## Your objective
Only the lines from the one containing "Do not heat" through the last line below belong in your copy; transcribe them exactly and omit any pictures.

=== Exercise materials ===

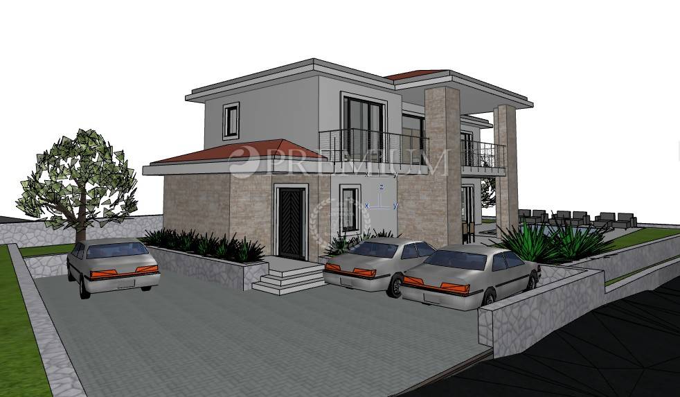 The basement is planned to include a hallway, WC, two storage rooms, a technical room, laundry room and a tavern. The ground floor is planned to consist of an entrance hall, staircase, storage room, WC, bedroom with en-suite bathroom, living room, and kitchen with dining area with access to a covered terrace. The first floor is planned to include a hallway and three bedrooms, each with its own bathroom and access to a terrace offering a beautiful sea view.
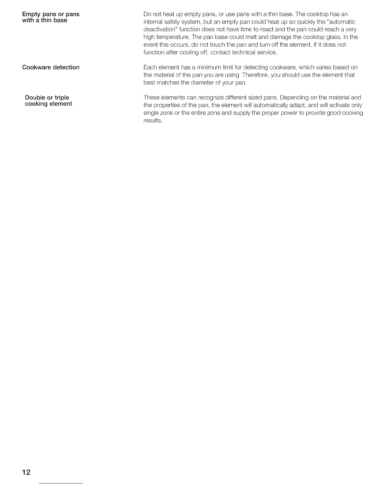 Do not heat up empty pans, or use pans with a thin base. The cooktop has an
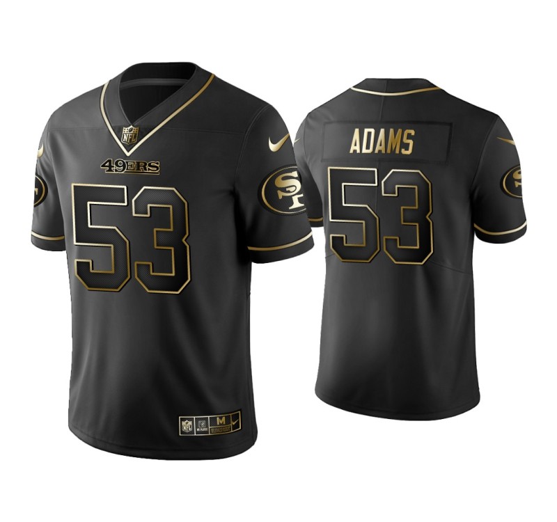 Every fan has various pieces of fan apparel that are a little different from the standard clothing that makes up most of their wardrobe or collection, and this Men San Francisco 49ers #53 Golden Edition 49ers Tyrell Adams Black Jersey will definitely stand out from the others. The Gold Vapor Untouchable Limited jersey design includes a golden team graphics screen-printed on the front and on both sleeves, the golden player's name and number on the the front and back.
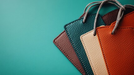 Multi-colored price tags in the air on neutral background , concept of Vibrant merchandise
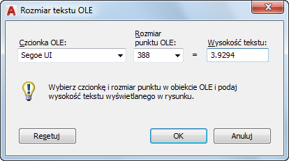 Obiekt OLE zostanie automatycznie przeskalowany, stosowanie do rozmiaru tekstu.
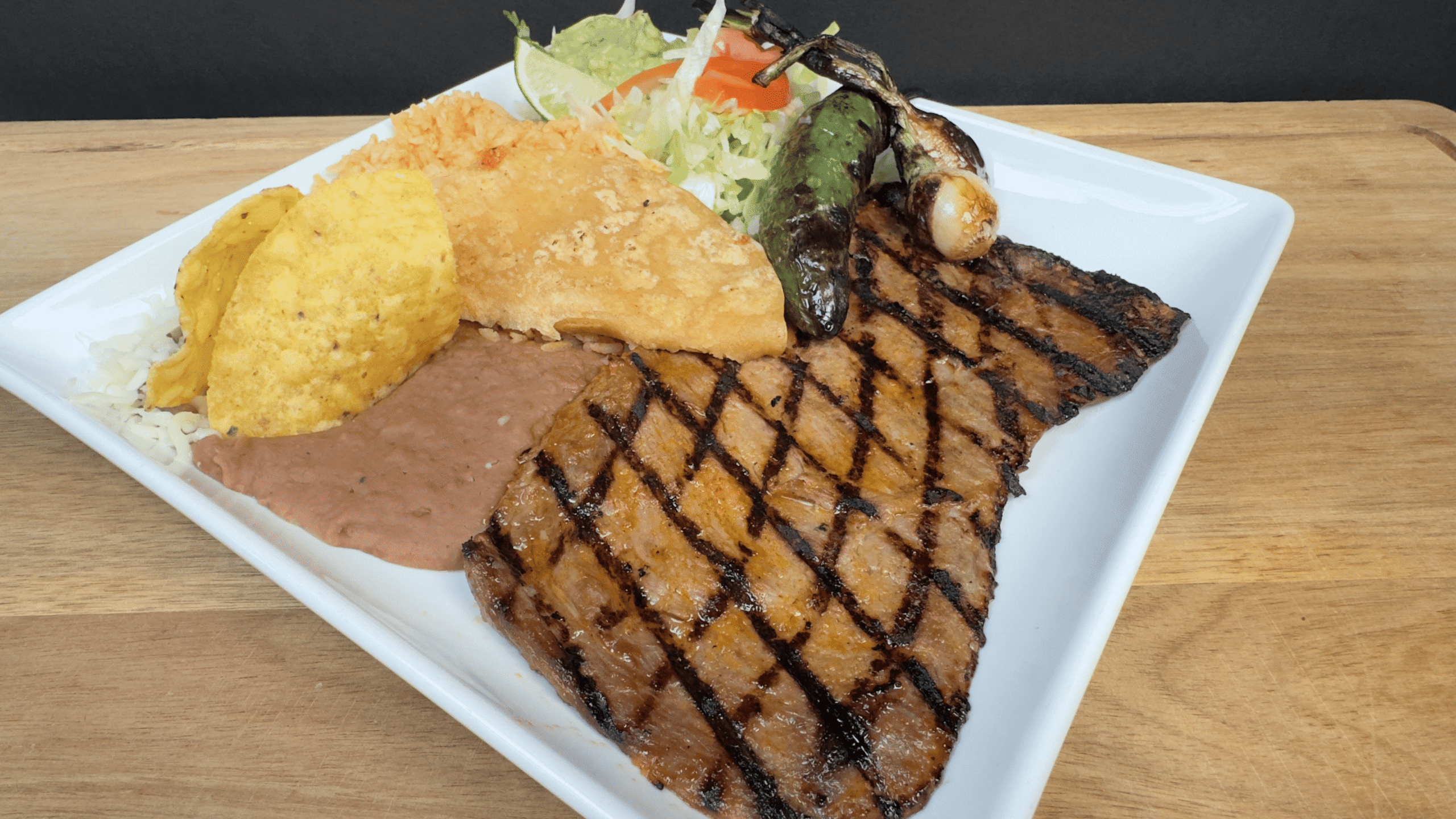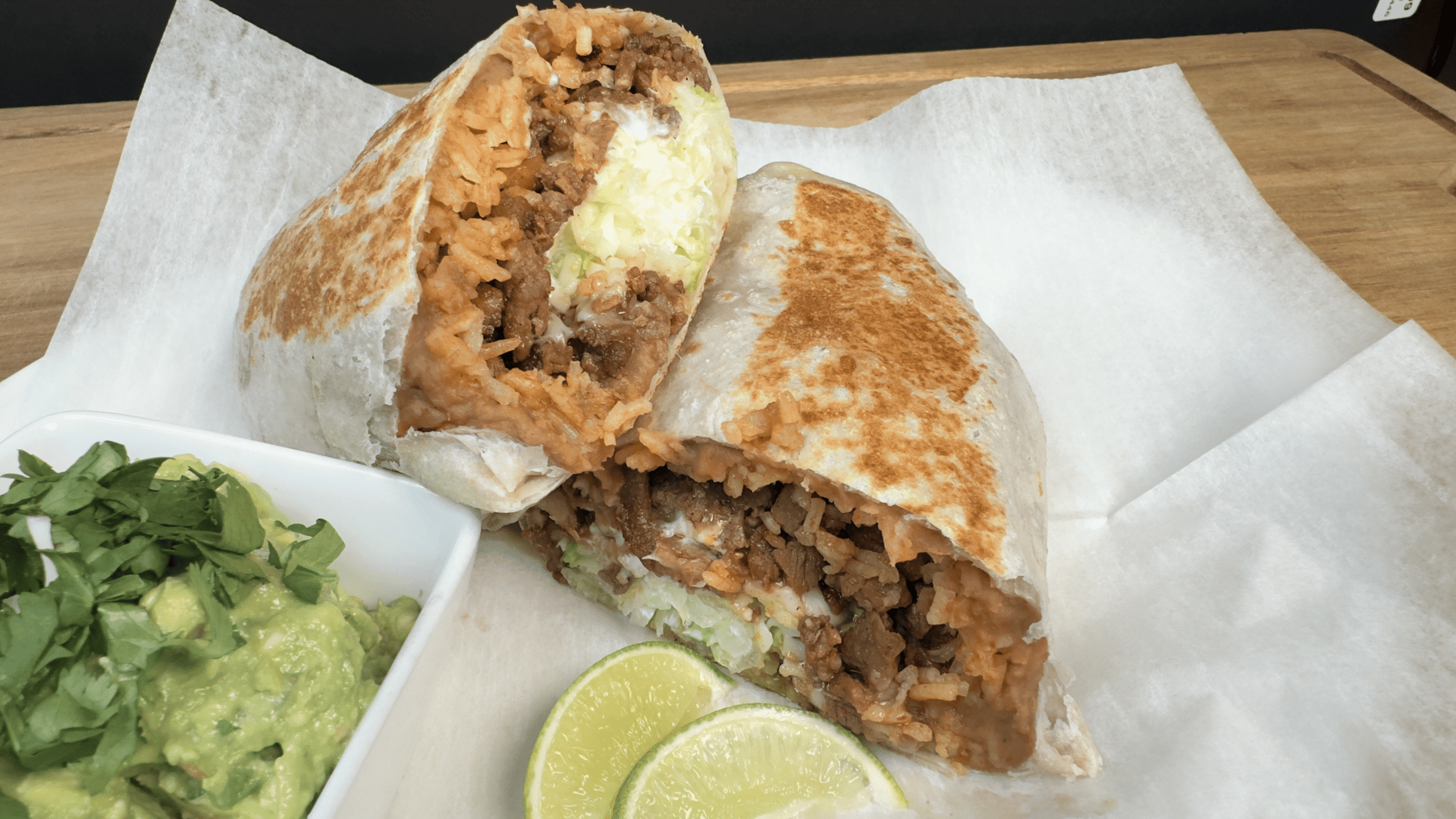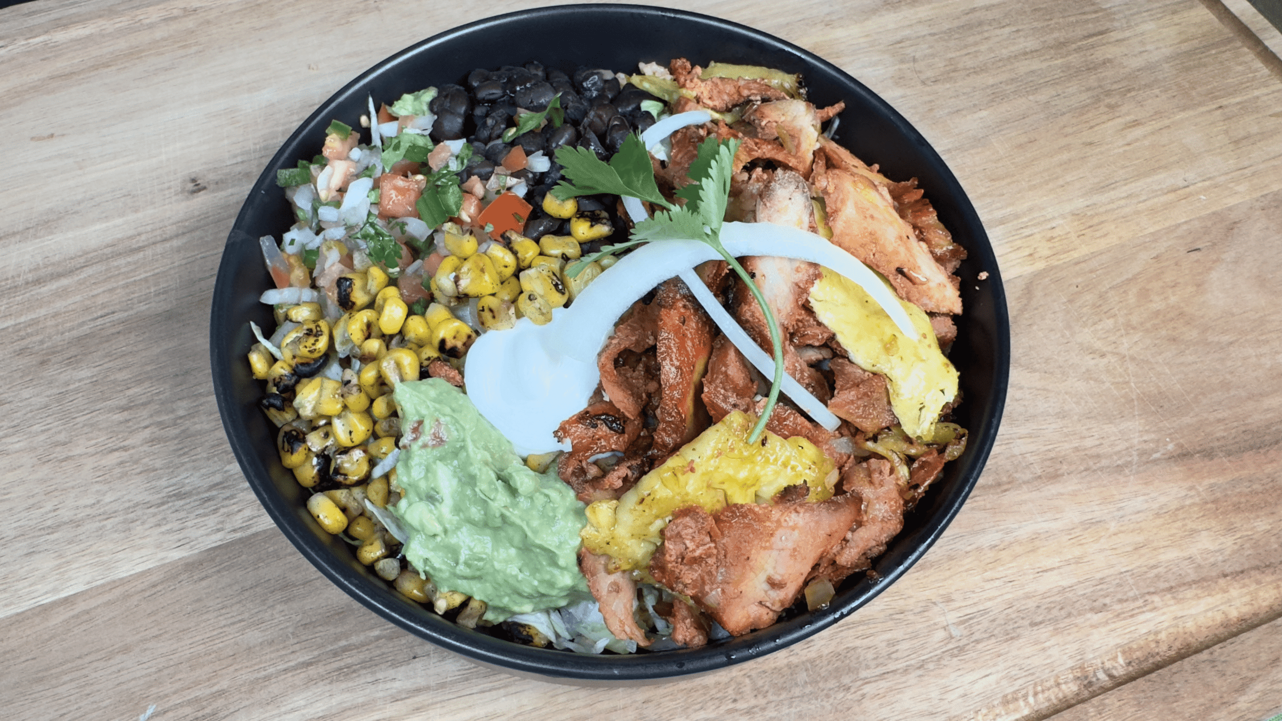 A Well Served with Chicken or Beef, cilantro, onion, lettuce, cheese, sour cream on a corn or flour tortilla and a Lemon.

===

## Answer to the exercise
 Do not heat up empty pans, or use pans with a thin base. The cooktop has an
 Every fan has various pieces of fan apparel that are a little different from the standard clothing that makes up most of their wardrobe or collection, and this Men San Francisco 49ers #53 Golden Edition 49ers Tyrell Adams Black Jersey will definitely stand out from the others. The Gold Vapor Untouchable Limited jersey design includes a golden team graphics screen-printed on the front and on both sleeves, the golden player's name and number on the the front and back.
 Multi-colored price tags in the air on neutral background , concept of Vibrant merchandise
 Obiekt OLE zostanie automatycznie przeskalowany, stosowanie do rozmiaru tekstu.
 A Well Served with Chicken or Beef, cilantro, onion, lettuce, cheese, sour cream on a corn or flour tortilla and a Lemon.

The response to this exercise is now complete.